Lab 11 – Mining the social web

Instructions

Obtain the GitHub repository you will use to complete the lab, which contains a starter file named lab11.Rmd. This lab shows you how to access the Twitter API using the rtweet package and how to analyze the harvested data. Carefully read the lab instructions and complete the exercises using the provided spaces within your starter file lab11.Rmd. Then, when you’re ready to submit, follow the directions in the How to submit section below.

Gathering data using an API

Most of the datasets you’ve worked with during this course were stored in files that were easy to load using R. While this is convenient, it isn’t always the case that a dataset will already have been gathered for you and you will need to collect the data yourself. For example, if you want to investigate current and ongoing trends taking place on the internet, you will need to find a way to extract relevant data from one or more websites. The general practice of gathering data from a website is called web scraping and the amount of effort needed to scrape any given webpage depends on many factors. That’s why it’s always worth your while to check and see if a website has an application programming interface, also known as an API, which provides a convenient and structured way to access and interact with website data. Twitter is an example of website with an API that is used by app developers and data scientists alike. The recommended way to access the Twitter API from R is by using the tidyverse-compatible package called rtweet, which we will learn how to use during this lab.

rtweet setup instructions

To access data from the Twitter API for this lab, you will need to configure your RStudio environment so that Twitter recognizes you as an authenticated user. There are two ways to configure rtweet so that it works on RStudio Server, both of which are detailed below.

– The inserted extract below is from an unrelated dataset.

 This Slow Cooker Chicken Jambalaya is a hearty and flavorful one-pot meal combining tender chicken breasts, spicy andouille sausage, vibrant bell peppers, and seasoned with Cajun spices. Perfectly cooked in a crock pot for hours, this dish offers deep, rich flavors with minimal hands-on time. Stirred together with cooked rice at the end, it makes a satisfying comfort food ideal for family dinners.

Method 1: Create an App on developer.twitter.com

Important!

This is the recommended method for accessing the Twitter API from RStudio Server. However, it will only work if you have a valid Twitter account and the course instructor has been able to invite you to join the CDS 102 developer team. Unfortunately, there is a known issue where team invites fail for some users and there is no timeline for when this problem will be fixed. If the instructor is unable to send you an team invitation, try following the instructions in Method 2.

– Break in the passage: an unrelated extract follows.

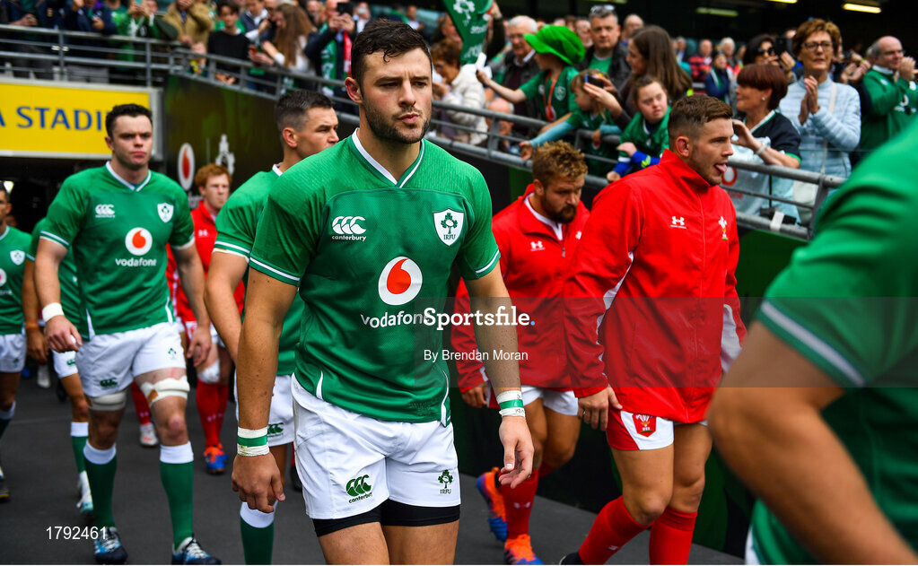7 September 2019; Robbie Henshaw of Ireland walks out prior to during the Guinness Summer Series match between Ireland and Wales at Aviva Stadium in Dublin. Photo by Brendan Moran/Sportsfile

This method will have you generate an authentication token by creating a Twitter App on developer.twitter.com. Don’t worry, you’re not actually developing an application, this just happens to be the easiest way to get one of these tokens. Navigate to https://developer.twitter.com/en/apps, login to your Twitter account, and click the Create New App.

plot of chunk twitter-developer-create-app

This will open a page where you will enter the necessary information for creating a new app. Fill in the form using the information provided below. If a form field is not listed, then that means you should leave it blank.

Naming your Twitter App

In the App name field, replace <extra> with a sequence of letters or numbers of your choosing.

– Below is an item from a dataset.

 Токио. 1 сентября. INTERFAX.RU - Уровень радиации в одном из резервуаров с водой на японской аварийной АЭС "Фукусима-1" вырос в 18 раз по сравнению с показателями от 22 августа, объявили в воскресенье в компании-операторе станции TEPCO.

  • App name: cds-102-lab-<extra>

  • Application description: For completing a CDS 102 lab.

  • Website URL: https://www.cds101.com

  • Callback URLs: http://127.0.0.1:1410

  • Tell us how this app will be used: This application is solely for educational purposes so that I can access the Twitter API as part of the CDS 102 course offered at George Mason University. I will be using the Twitter API to complete the following lab: https://www.cds101.com/labs/lab-11-mining-the-social-web/.

After filling in all the above information, the form will look as follows,

plot of chunk twitter-developer-app-details

To create the Twitter App, click the Create button.

After creating the app, click the tab labeled Keys and tokens to retrieve your consumer API keys and access tokens. The page will look something like this,

plot of chunk twitter-developer-keys-and-tokens

Important!

Your consumer API keys and access tokens should never be shared with another person or committed to a GitHub repository.

Leave the Keys and tokens page open in a browser tab for the time being and switch over to RStudio Server. Activate the project for this lab, then in the Console pane run the following to start the rtweet configuration script,

source("configure_rtweet.R")
configure_rtweet_rstudio_server()

You will be prompted to enter the following information,

Enter your twitter app name:
Enter your twitter consumer api key:
Enter your twitter consumer api secret key:
Enter your twitter access token:
Enter your twitter access token secret:

The twitter app name should exactly match the app name you entered in the application creation form. The rest of the information can be copied and pasted directly from the Keys and tokens page you have open in your other browser tab. When you have entered all the information, you will be asked to confirm that what you entered is correct. If it is, type y and press Enter and the script will take care of the rest for you. Proceed to the section titled fetching data about users, their followers, and friends.

Method 2: Generate a token using your local computer

Important!

This method should only be used if you are unable to complete Method 1.

This method requires that you have R and RStudio installed on your local computer. Consult the course syllabus for a list of what applications you will need to install. Once you have everything installed, launch RStudio and run the following in the Console pane to install the R packages you will need,

install.packages(c("remotes", "fs", "readr", "dplyr", "usethis", "httpuv", "rtweet"))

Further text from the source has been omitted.